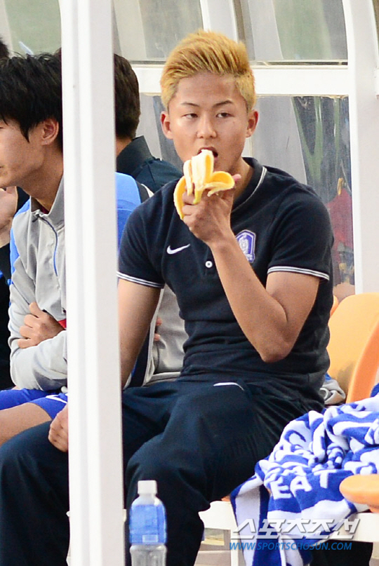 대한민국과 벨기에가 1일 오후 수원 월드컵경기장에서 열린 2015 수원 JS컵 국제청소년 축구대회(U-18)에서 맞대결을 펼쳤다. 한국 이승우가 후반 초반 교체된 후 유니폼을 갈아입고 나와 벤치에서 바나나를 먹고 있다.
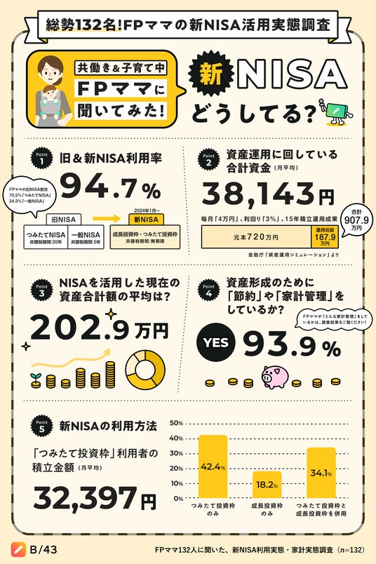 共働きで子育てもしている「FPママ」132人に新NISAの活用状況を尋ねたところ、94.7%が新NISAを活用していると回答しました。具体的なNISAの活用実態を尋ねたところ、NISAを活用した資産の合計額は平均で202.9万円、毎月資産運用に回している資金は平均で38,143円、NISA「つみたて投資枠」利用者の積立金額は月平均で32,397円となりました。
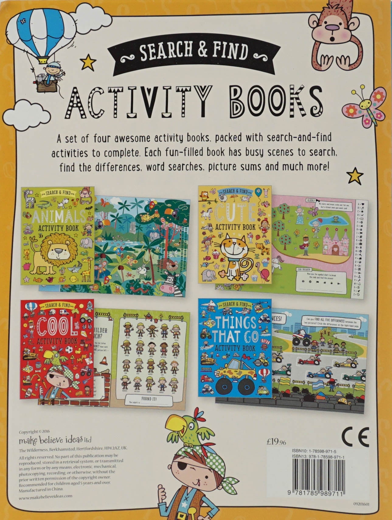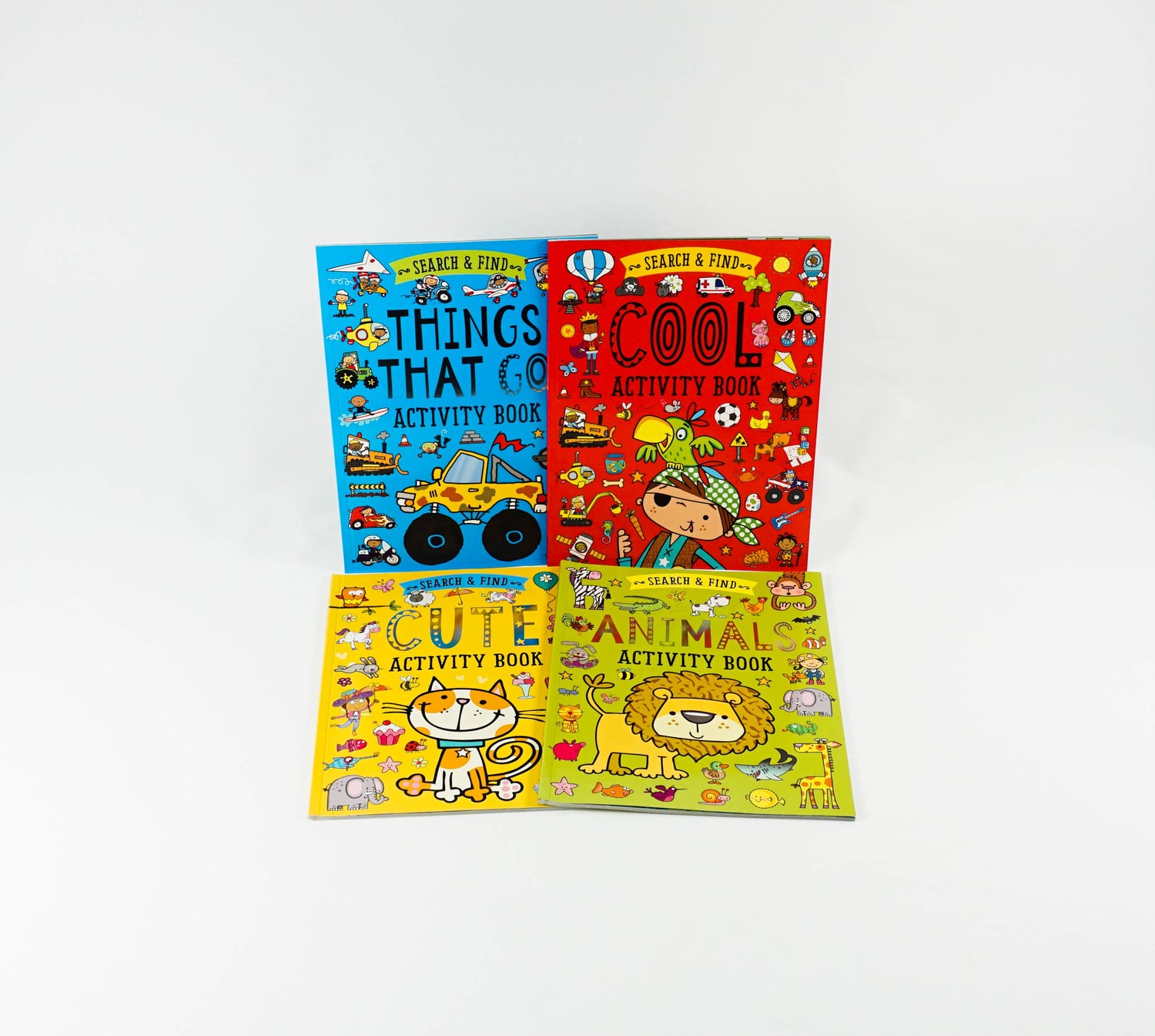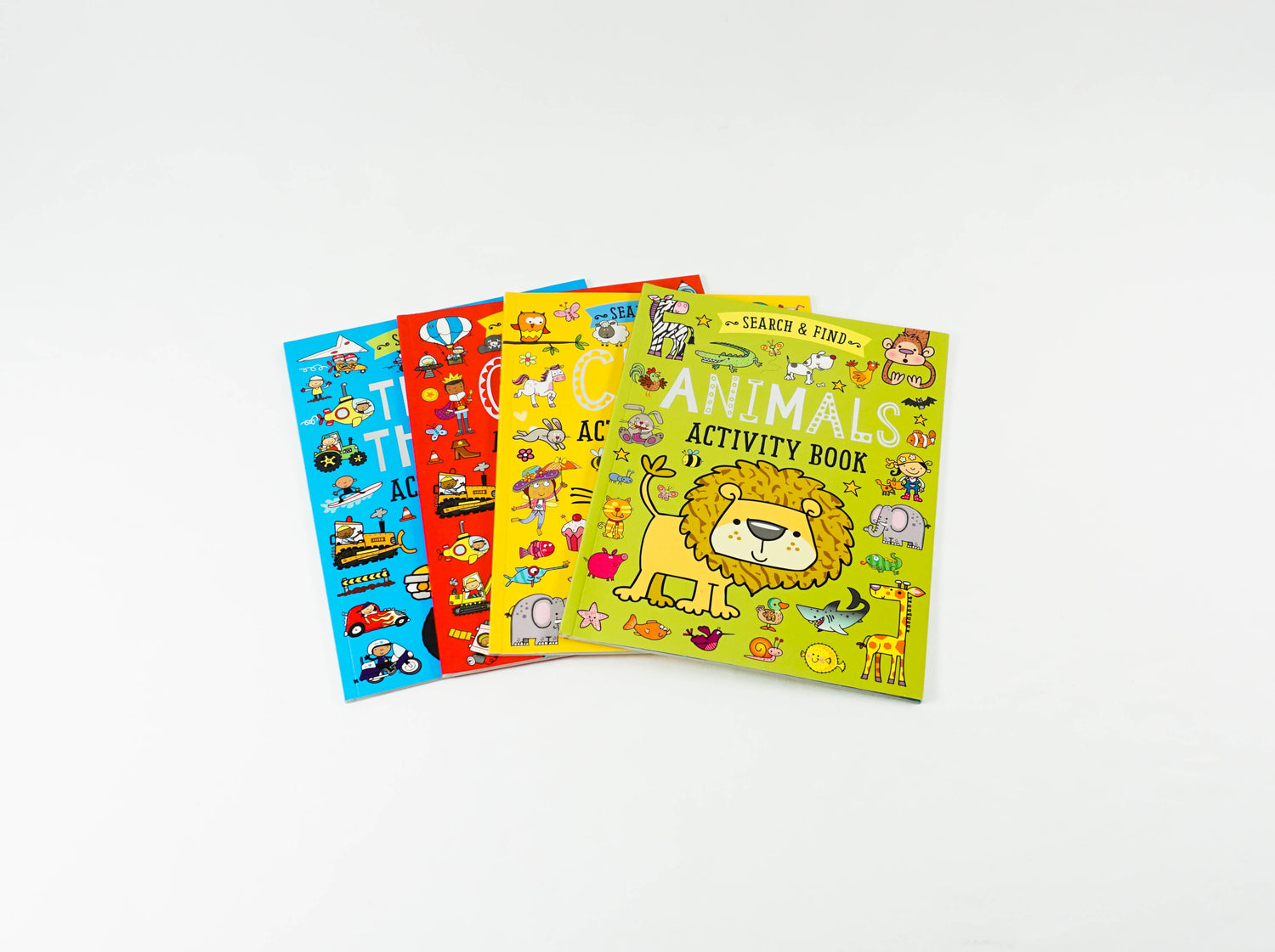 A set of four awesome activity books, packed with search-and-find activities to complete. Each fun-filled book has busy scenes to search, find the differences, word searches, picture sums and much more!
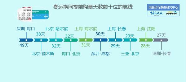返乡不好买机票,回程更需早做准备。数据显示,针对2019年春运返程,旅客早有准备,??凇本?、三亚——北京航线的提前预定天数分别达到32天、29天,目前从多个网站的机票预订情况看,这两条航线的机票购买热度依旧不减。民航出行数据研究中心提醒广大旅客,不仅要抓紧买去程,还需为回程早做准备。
----------
Exercise instructions: The material above must be reproduced line for line, with the images omitted.

Solved exercise:
 대한민국과 벨기에가 1일 오후 수원 월드컵경기장에서 열린 2015 수원 JS컵 국제청소년 축구대회(U-18)에서 맞대결을 펼쳤다. 한국 이승우가 후반 초반 교체된 후 유니폼을 갈아입고 나와 벤치에서 바나나를 먹고 있다.
 共働きで子育てもしている「FPママ」132人に新NISAの活用状況を尋ねたところ、94.7%が新NISAを活用していると回答しました。具体的なNISAの活用実態を尋ねたところ、NISAを活用した資産の合計額は平均で202.9万円、毎月資産運用に回している資金は平均で38,143円、NISA「つみたて投資枠」利用者の積立金額は月平均で32,397円となりました。
 A set of four awesome activity books, packed with search-and-find activities to complete. Each fun-filled book has busy scenes to search, find the differences, word searches, picture sums and much more!
返乡不好买机票,回程更需早做准备。数据显示,针对2019年春运返程,旅客早有准备,??凇本?、三亚——北京航线的提前预定天数分别达到32天、29天,目前从多个网站的机票预订情况看,这两条航线的机票购买热度依旧不减。民航出行数据研究中心提醒广大旅客,不仅要抓紧买去程,还需为回程早做准备。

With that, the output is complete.